▶ _Records supplied_:
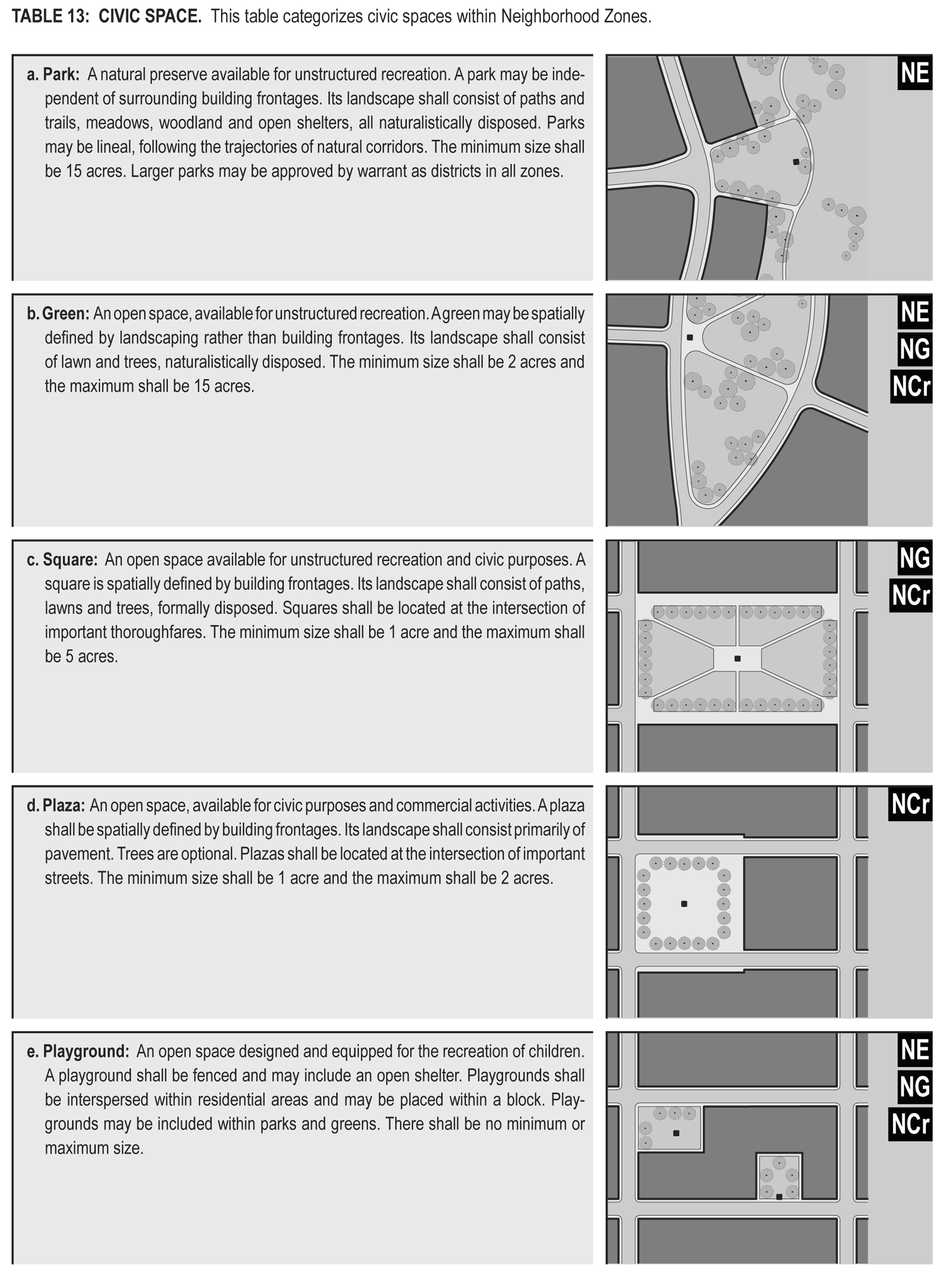 Civic space: An outdoor area dedicated for public use. Civic space types are defined by the combination of certain physical constants including the relationship between their intended use, their size, their landscaping and their enfronting buildings (see Table 13).
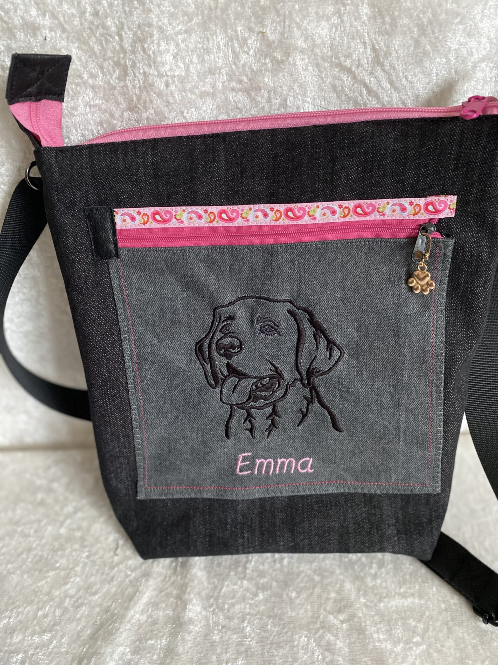 Die Tasche ist aus Jeansstoff angefertigt ganz nach ihren Wünschen und wird nur auf Bestellung angefertigt.
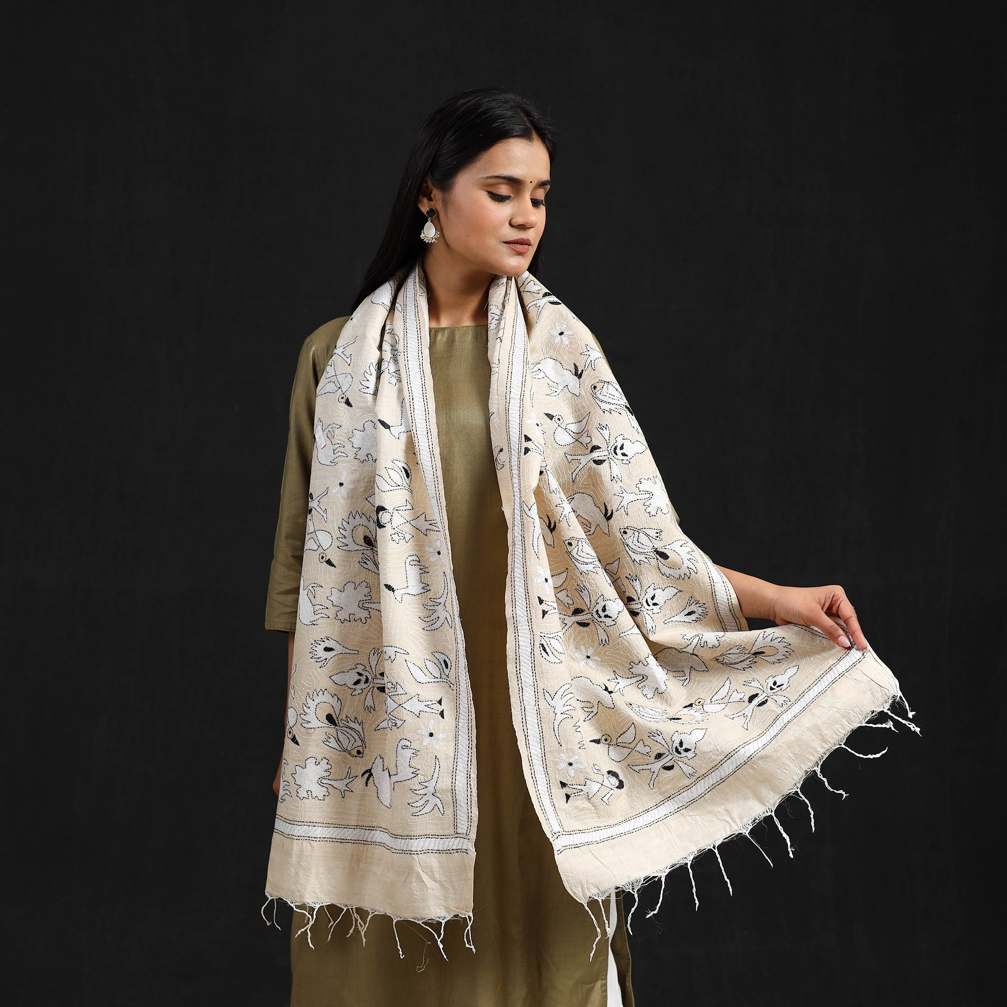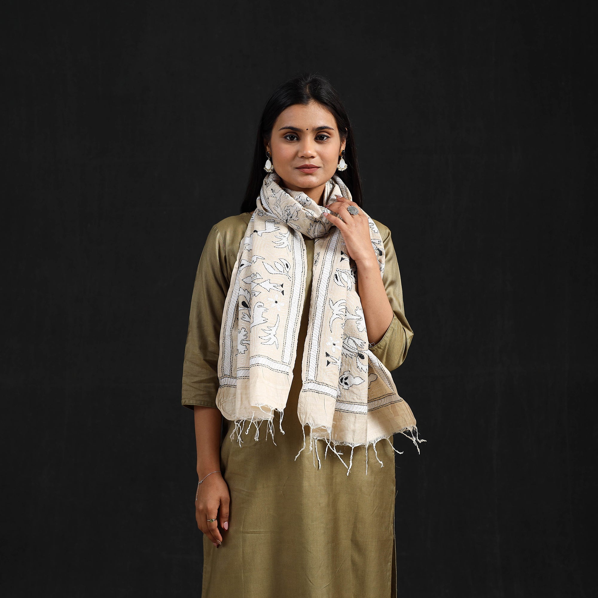 Elevate your style with our beige nakshi kantha hand embroidery desi tussar handloom stole from West Bengal. This exquisite stole is designed with contemporary patterns and has been hand-embroidered using West Bengal's traditional craft technique of Kantha. Perfect for special occasions or cultural events, this stole effortlessly combines timeless elegance with contemporary fashion.
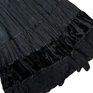 VTG Black Velvet Lace Nylon Tiered Maxi Skirt Small Pull On Whimsigoth Stretch
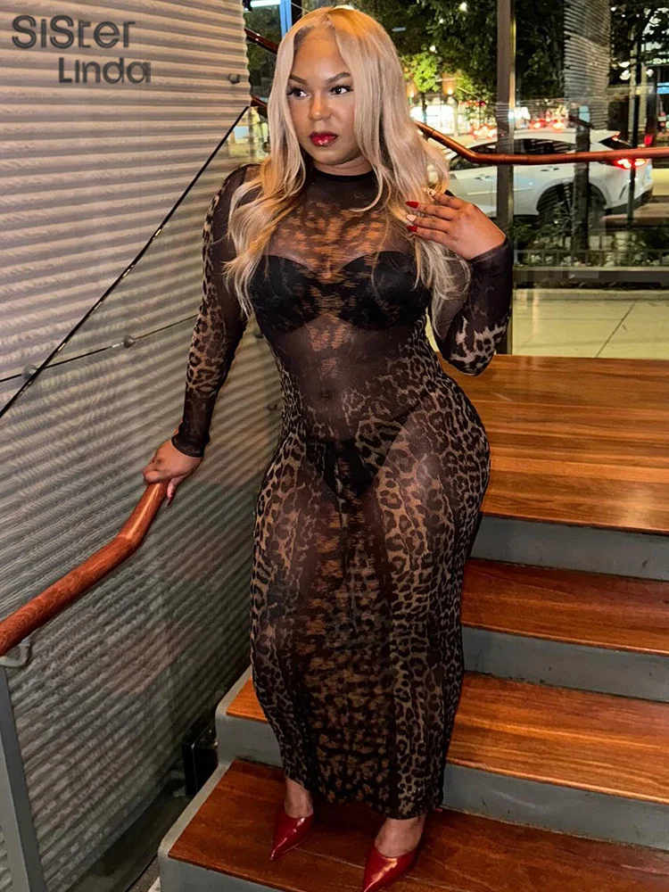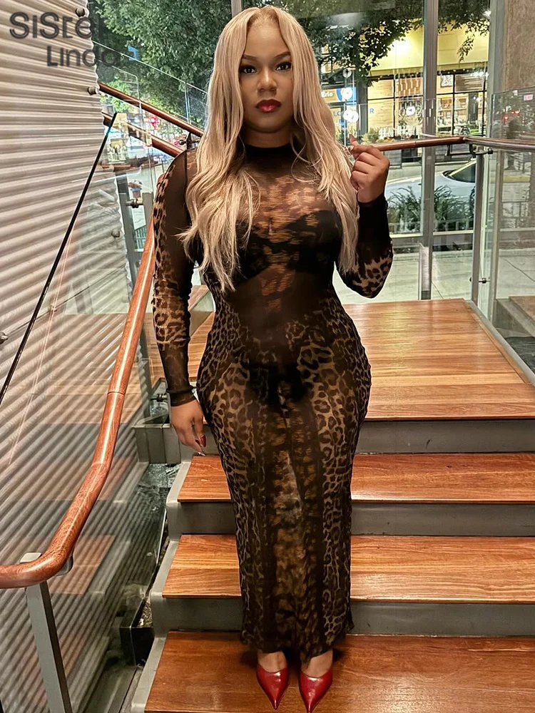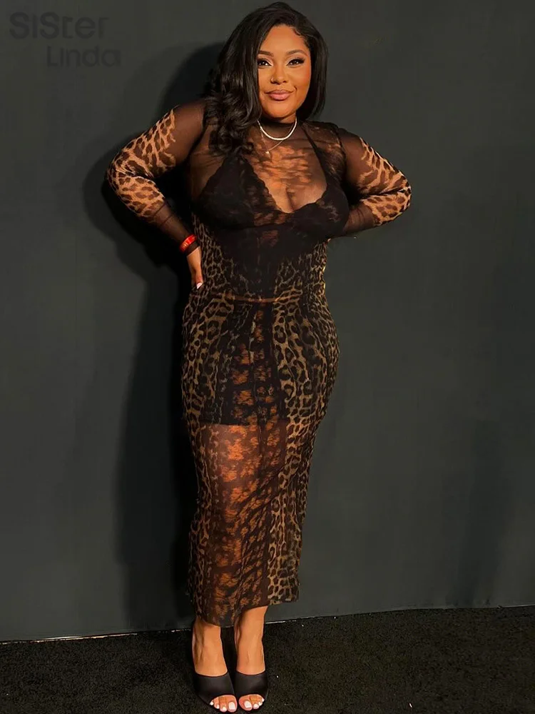 • Autumn Release Junior Ankle-Length Sexy High Street Dress K24D56731Girl Knit Leopard Color Slim Fit Long Sleeve Robe
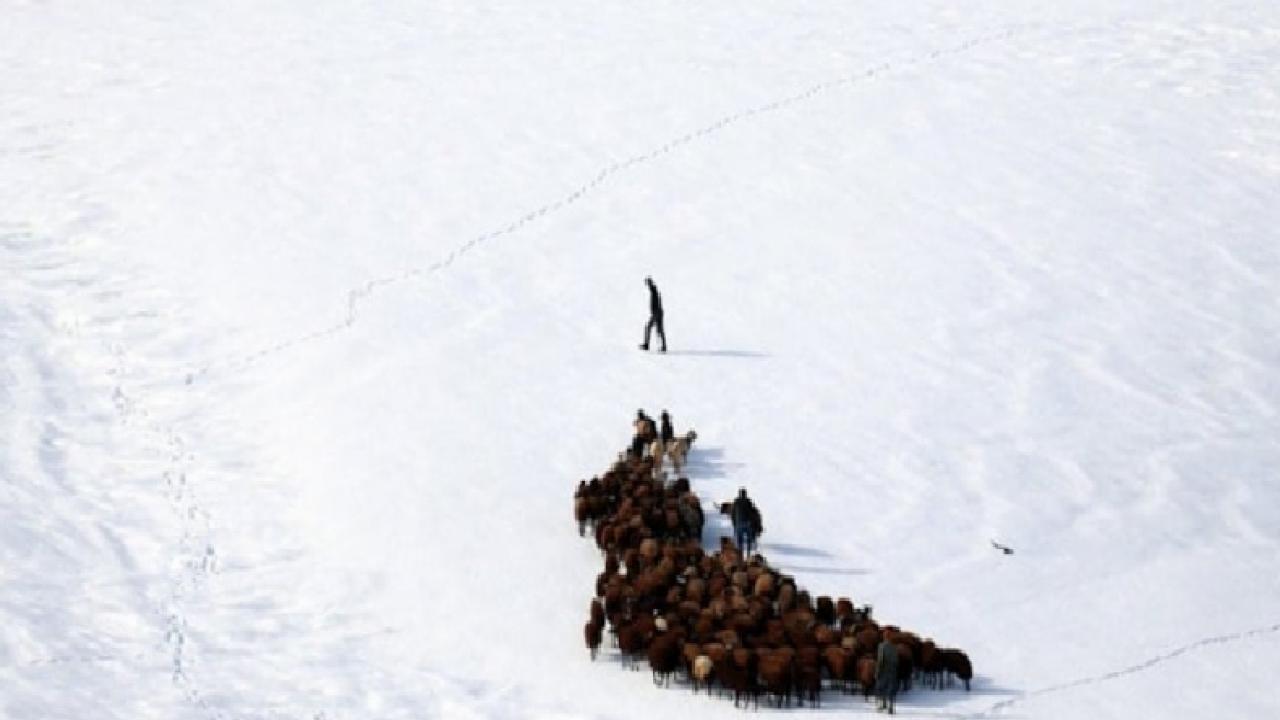 Karın arasında ilerleyen yüzlerce hayvandan oluşan sürülerin zorlu yolculuğu ise dron ile havadan görüntülendi.
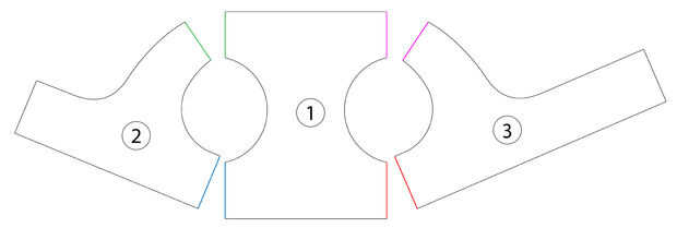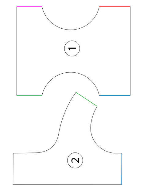 Las piezas del patrón con cinta adhesiva a lo largo de los bordes cortos y rectos. Coincidir con las líneas de color como se muestra en el diagrama en imagen 5.
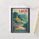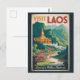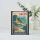Laos retro vector travel design. From the UNESCO city of Luang Prabang and the spiritual charm of Vientiane to the natural beauty of Kuang Si Falls and the Plain of Jars, Laos offers an authentic blend of nature, history, and tranquility.
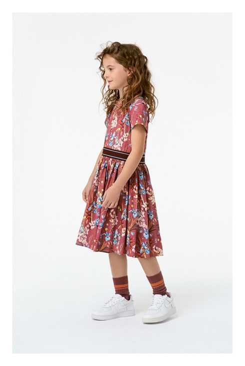 Candy er en lyserød kjole med flot blomster print. Kjolen er i poplin med stretch, som gør den ekstra behagelig at have på. Kjolen har lynlåslukning i nakken stribet elastisk talje.

▶ _Assignment_:
If a record holds a picture, skip the picture and write out everything else exactly.

▶ _Exercise response_:
 Civic space: An outdoor area dedicated for public use. Civic space types are defined by the combination of certain physical constants including the relationship between their intended use, their size, their landscaping and their enfronting buildings (see Table 13).
 Die Tasche ist aus Jeansstoff angefertigt ganz nach ihren Wünschen und wird nur auf Bestellung angefertigt.
 Elevate your style with our beige nakshi kantha hand embroidery desi tussar handloom stole from West Bengal. This exquisite stole is designed with contemporary patterns and has been hand-embroidered using West Bengal's traditional craft technique of Kantha. Perfect for special occasions or cultural events, this stole effortlessly combines timeless elegance with contemporary fashion.
 VTG Black Velvet Lace Nylon Tiered Maxi Skirt Small Pull On Whimsigoth Stretch
 • Autumn Release Junior Ankle-Length Sexy High Street Dress K24D56731Girl Knit Leopard Color Slim Fit Long Sleeve Robe
 Karın arasında ilerleyen yüzlerce hayvandan oluşan sürülerin zorlu yolculuğu ise dron ile havadan görüntülendi.
 Las piezas del patrón con cinta adhesiva a lo largo de los bordes cortos y rectos. Coincidir con las líneas de color como se muestra en el diagrama en imagen 5.
Laos retro vector travel design. From the UNESCO city of Luang Prabang and the spiritual charm of Vientiane to the natural beauty of Kuang Si Falls and the Plain of Jars, Laos offers an authentic blend of nature, history, and tranquility.
 Candy er en lyserød kjole med flot blomster print. Kjolen er i poplin med stretch, som gør den ekstra behagelig at have på. Kjolen har lynlåslukning i nakken stribet elastisk talje.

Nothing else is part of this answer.